The Discerning Texan
All that is necessary for evil to triumph, is for good men to do nothing.
-- Edmund Burke
-- Edmund Burke
Sunday, December 30, 2007
China's Economy: 40% smaller than advertised
The "Great Fall of China" (h/t Glenn; emphasis is mine):
The most important story to come out of Washington recently had nothing to do with the endless presidential campaign. And although the media largely ignored it, the story changes the world.Read the rest here.
The story's unlikely source was the staid World Bank, which published updated statistics on the economic output of 146 countries. China's economy, said the bank, is smaller than it thought.
About 40% smaller.
China, it turns out, isn't a $10-trillion economy on the brink of catching up with the United States. It is a $6-trillion economy, less than half our size. For the foreseeable future, China will have far less money to spend on its military and will face much deeper social and economic problems at home than experts previously believed.
What happened to $4 trillion in Chinese gross domestic product?
Statistics. When economists calculate a country's gross domestic product, they add up the prices of the goods and services its economy produces and get a total -- in dollars for the United States, euros for such countries as Germany and France and yuan for China. To compare countries' GDP, they typically convert each country's product into dollars.
The simplest way to do this is to use exchange rates. In 2006, the World Bank calculated that China produced 21 trillion yuan worth of goods and services. Using the market exchange rate of 7.8 yuan to the dollar, the bank pegged China's GDP at $2.7 trillion.
That number is too low. For one thing, like many countries, China artificially manipulates the value of its currency. For another, many goods in less developed economies such as China and Mexico are much cheaper than they are in countries such as the United States.

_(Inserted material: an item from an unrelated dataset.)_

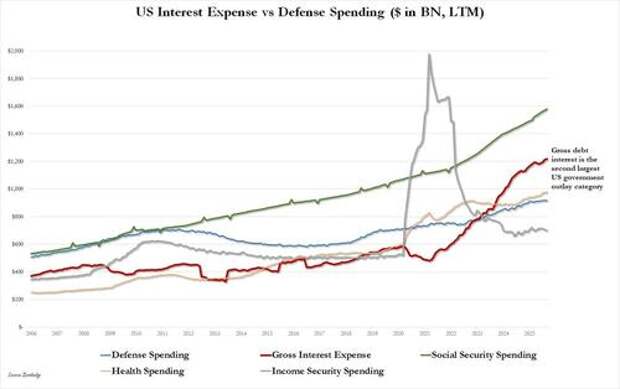 ... means that the US interest expense continues to be the most dangerous, and rapidly rising, spending category of all: to wit, at $1.22 trillion in the past 12 months, gross interest expense is less than $400 billion away from catching up to Social Security Spending.
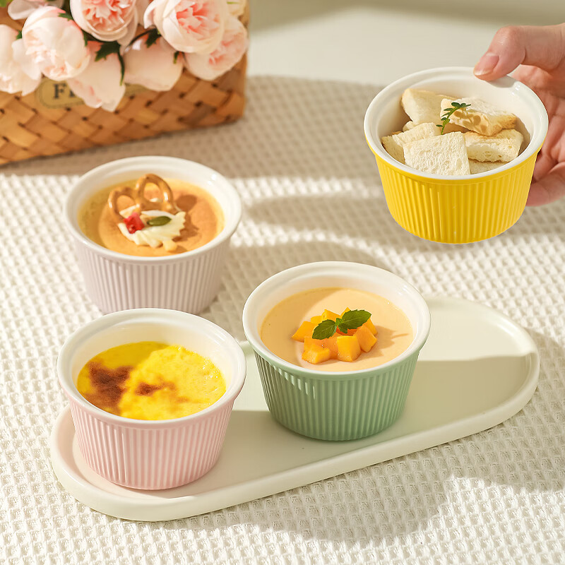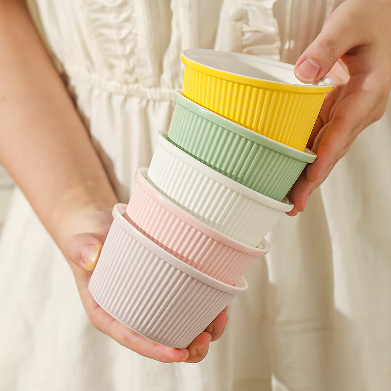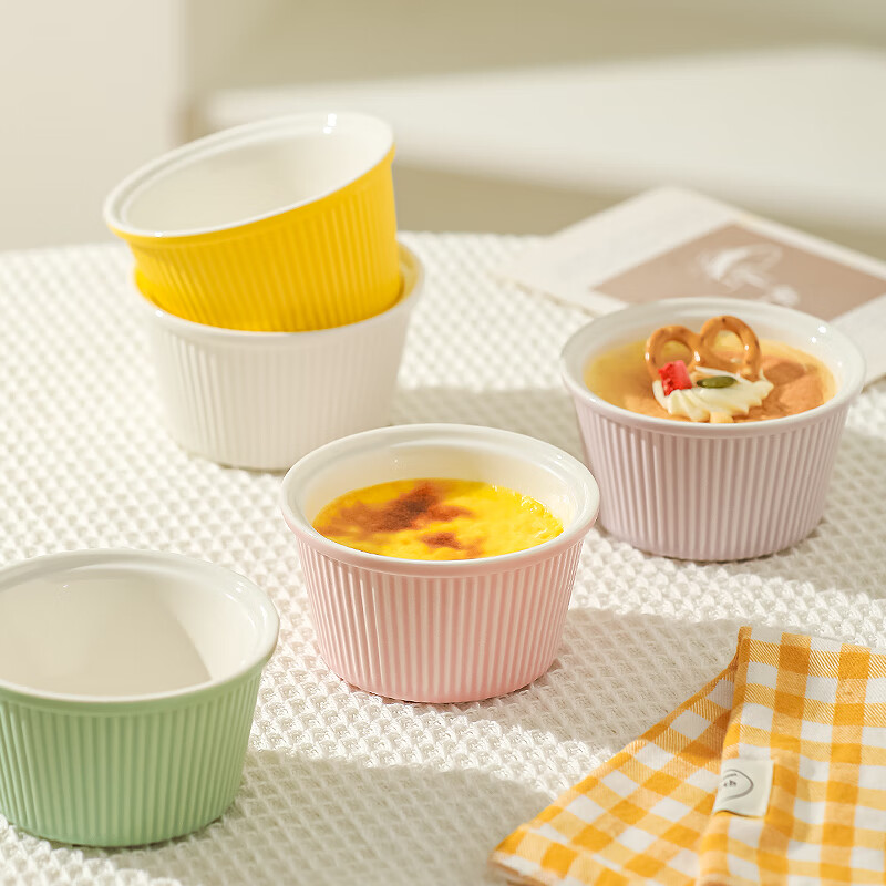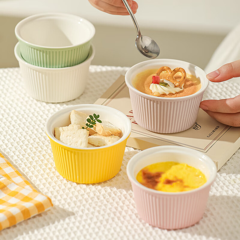 (特)川岛屋舒芙蕾烤碗空气炸锅烤箱专用碗烘焙甜品蛋糕小碗焦糖布丁杯 混色5只装(绿+黄+粉+紫+白)

To take these factors into account, economists compare prices from one economy to another and compute an adjusted GDP figure based on "purchasing-power parity." The idea is that a country's GDP adjusted for purchasing-power parity provides a more realistic measure of relative economic strength and of living standards than the unadjusted GDP numbers.
Unfortunately, comparing hundreds and even thousands of prices in almost 150 economies all over the world is a difficult thing to do. Concerned that its purchasing-power-parity numbers were out of whack, the World Bank went back to the drawing board and, with help from such countries as India and China, reviewed the data behind its GDP adjustments.
It learned that there is less difference between China's domestic prices and those in such countries as the United States than previously thought. So the new purchasing-power-parity adjustment is smaller than the old one -- and $4 trillion in Chinese GDP melts into air.
The political consequences will be felt far and wide. To begin with, the U.S. will remain the world's largest economy well into the future. Given that fact, fears that China will challenge the U.S. for global political leadership seem overblown. Under the old figures, China was predicted to pass the United States as the world's largest economy in 2012. That isn't going to happen.